Cells are Surrounded by Plasma Membranes

– Fluid Mosaic Model of membranes

• Cell membranes are composed of a double-layer of phospholipids

• Within the phospholipids are embedded proteins and cholesterol

– Phospholipids have a polar head and nonpolar tails

• Polar phosphate heads face the watery solution on the inside and outside of the

cell

• Lipid tails and sandwiched in between (inside the membrane)

– Cholesterol increases the strength of the membrane, while maintaining its

flexibility

– Various types of proteins may act as doors or gates, regulating what goes into and

out of the cell

How Molecules Move Across the Plasma Membrane

• Not all molecules can move across a plasma membrane (depends on size and characteristics of the molecule)

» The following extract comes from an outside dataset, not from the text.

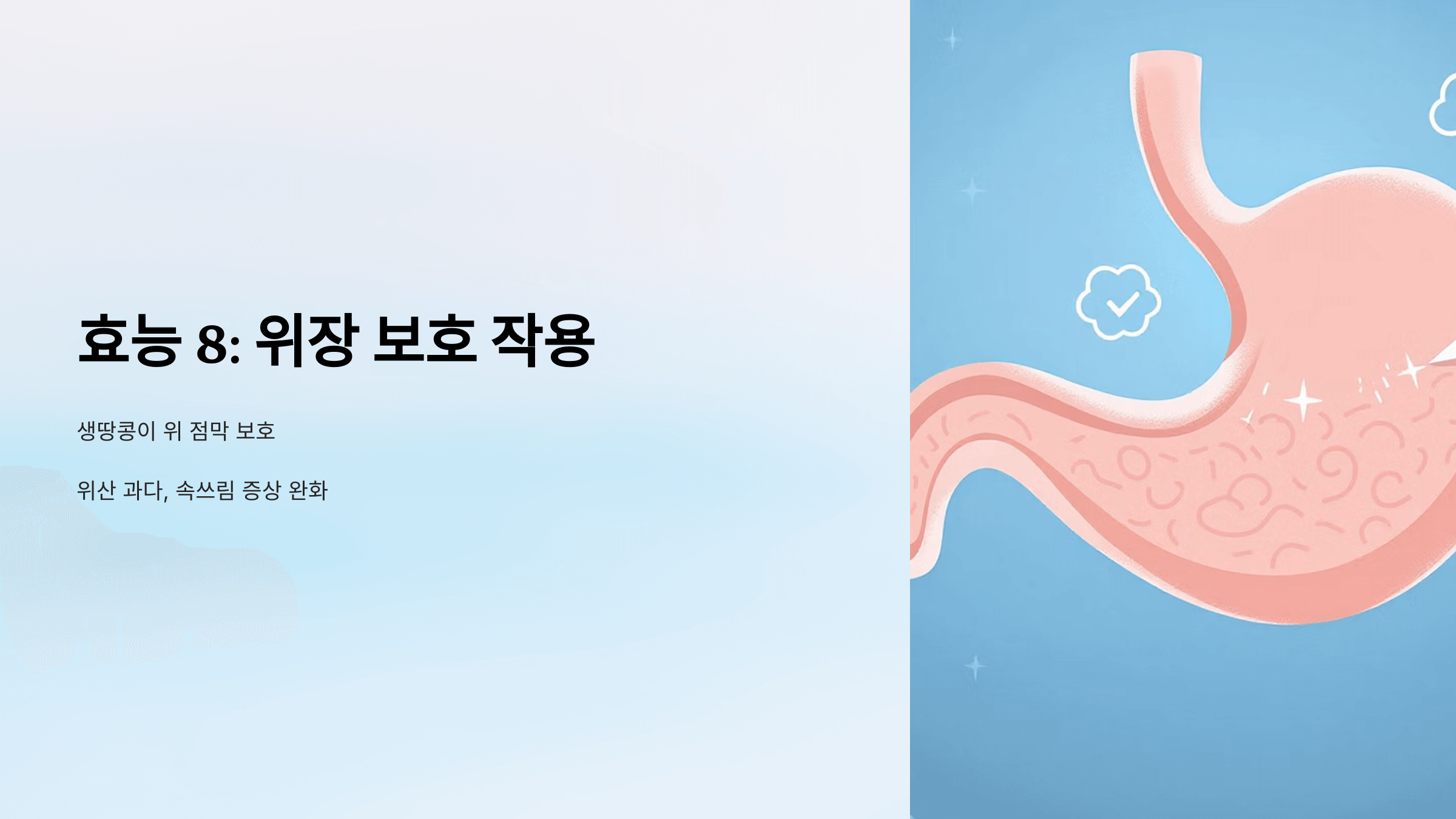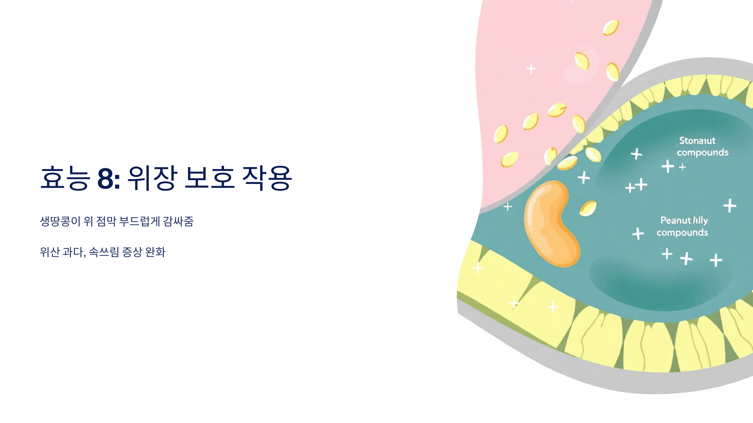 생땅콩의 점액질은 위 점막을 보호하고 속쓰림과 소화불량 개선에 도움을 줍니다. 단, 위가 민감하면 익혀 먹는 것이 좋습니다.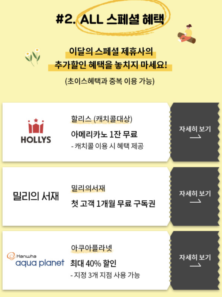 아쿠아 플라넷 할인등의 추가 혜택도 있군요.

• The plasma membrane is selectively permeable

• Two types of transport: active and passive

• Active transport require the cell to spend energy

• Passive transport does not require energy

• Comparing solute concentrations of two solutions:

– Hypertonic = the solution with the greater concentration of solultes

– Hypotonic = the solution with the lower concentration of solutes

– Isotonic = two solutions with equal solute concentrations

• Passive Transport

–Osmosis and Diffusion

• Osmosis = movement of water from an area of low solute concentration to an area of high solute concentration

–In other words, from hypotonic to hypertonic solutions

–The pressure required to offset osmosis is called osmotic pressure

• Diffusion = movement of solute from area of high solute concentration to low

solute concentration

–In other words, from hypertonic to hypotonic solutions

Three Types of Passive Transport Across Cell Membrane

1. Diffusion through the lipid bilayer

– The lipid bilayer allows free passage of some molecules while restricting others

– Small, uncharged nonpolar molecules can diffuse through the lipid bilayer easily

– Polar or electrically charged molecules can’t cross the lipid bilayer because they aren’t soluble in lipids

– Two important lipid-soluble molecules are oxygen (which diffuses into cells) and carbon dioxide (which diffuses out of cells)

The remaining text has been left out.